The fundamental therapeutic rationale is that enhancing TREM2 signaling could restore microglial function, leading to improved clearance of pathological proteins, reduced neuroinflammation, and ultimately slower disease progression.
TREM2 Biology in Microglia
Receptor Structure and Signaling
TREM2 is a type I transmembrane receptor consisting of:
- An extracellular immunoglobulin-like V-type domain that binds ligands
- A transmembrane domain with a charged residue for adaptor protein association
- A short cytoplasmic tail that lacks intrinsic signaling motifs
TREM2 signals through association with DAP12 (TYROBP), an adaptor protein containing an immunoreceptor tyrosine-based activation motif (ITAM). Upon ligand binding, DAP12 becomes phosphorylated and activates SYK, which initiates downstream signaling cascades [@wang2015].
Soluble TREM2 (sTREM2)
TREM2 undergoes proteolytic cleavage by ADAM10 and ADAM17 at the extracellular domain, releasing a soluble fragment (sTREM2) into the cerebrospinal fluid (CSF) and blood. sTREM2 has emerged as an important biomarker and potential therapeutic agent:
- Biomarker: CSF sTREM2 levels are elevated in early AD and correlate with disease progression [@suarezcalvet2016]

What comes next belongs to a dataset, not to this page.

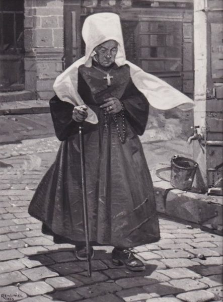 Reni-Mel (1893-1984) « Vieille bretonne dans les rues de Lorient » 1955 Huile sur toile sur chassis [Cat.n°248] 110x80 cm.
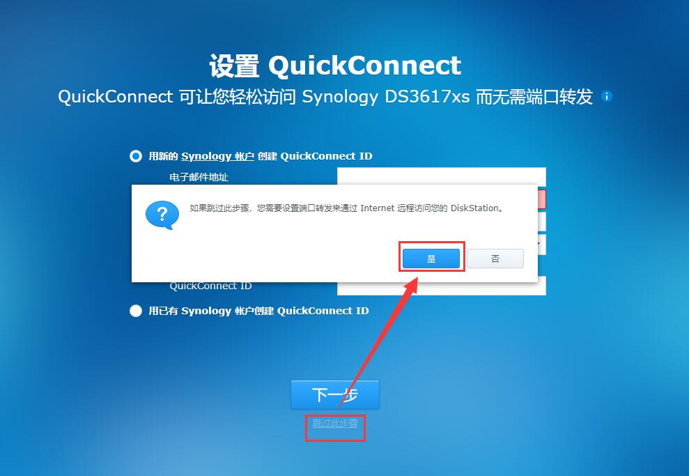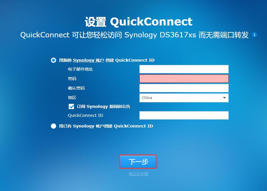 (2)如果你是买官方机器的白群用户,并且已经已经有QC账号,可以选择“用已有synology账户创建QuickConnect”,在这输入原有QC的ID;

- Function: sTREM2 may act as a decoy receptor, modulating TREM2 signaling
- Therapeutic potential: Recombinant sTREM2 has shown protective effects in preclinical models
The ratio of sTREM2 to membrane-bound TREM2 provides important diagnostic information about microglial activation status.
CSF1R Signaling Relationship
TREM2 signaling intersects with CSF1R (Colony Stimulating Factor 1 Receptor) pathways, which are crucial for microglial survival and proliferation:
- CSF1R is the primary regulator of microglial survival and proliferation
- TREM2 provides complementary signals for microglial metabolic fitness and phagocytic function
- Combination therapy: Concurrent TREM2 and CSF1R modulation is being explored as a strategy to enhance microglial function comprehensively [@mancuso2019]
TREM2 Agonism vs Antagonism Debate
Arguments for Agonism
The majority of drug development programs focus on TREM2 agonism based on the following rationale:
Agonists aim to:
- Enhance phagocytosis of amyloid-beta and cellular debris
- Promote microglial clustering around plaques
- Support microglial metabolic function
- Reduce toxic neuroinflammation
Arguments for Antagonism
Some researchers argue that TREM2 antagonism could be beneficial:
Current clinical evidence predominantly supports agonism, but the debate continues and may be resolved with data from ongoing clinical trials.
Preclinical Evidence in AD Models
5xFAD Mouse Model
The 5xFAD mouse model (bearing 5 familial AD mutations) has been extensively used to study TREM2:
- TREM2 deficiency: Results in reduced microglial clustering around amyloid plaques
- Plaque morphology: More diffuse, less compacted plaques in TREM2 knockout mice
- Cognitive deficits: Exacerbated memory deficits in TREM2-deficient mice
- Therapeutic benefit: TREM2 agonistic antibodies improve microglial function and reduce synaptic loss [@schlepckow2020]
APP/PS1 Mouse Model
Similar findings have been observed in [APP](/entities/app-protein)/PS1 mice:
- TREM2 expression increases around amyloid plaques
- DAM genes are upregulated in response to amyloid pathology
- TREM2 modulation affects plaque-associated microglia
- Therapeutic intervention shows improved neuronal function [@lee2018]
Key Preclinical Studies
Clinical Candidates
AL002 (Alector/AbbVie)
AL002 is a humanized anti-TREM2 monoclonal antibody designed to act as an agonist:
- Mechanism: Binds to TREM2 extracellular domain, promoting receptor clustering and signaling
- Development status: Phase 2 clinical trials in early AD (clinicaltrials.gov: NCT04592874)
- Rationale: Based on strong preclinical data showing enhanced microglial function
- Clinical results: Phase 1 showed acceptable safety and target engagement biomarkers
JNJ-7524 (Johnson & Johnson)
JNJ-7524 is another anti-TREM2 antibody in development:
- Mechanism: TREM2 agonistic antibody
- Development status: Phase 1 clinical trials
- Features: Designed for enhanced brain penetration
- Strategy: Targeting early AD patients with evidence of microglial activation
Other Programs
Several other companies have TREM2 programs at various stages:
- Acumen Pharmaceuticals: AC-842 (TREM2 agonist)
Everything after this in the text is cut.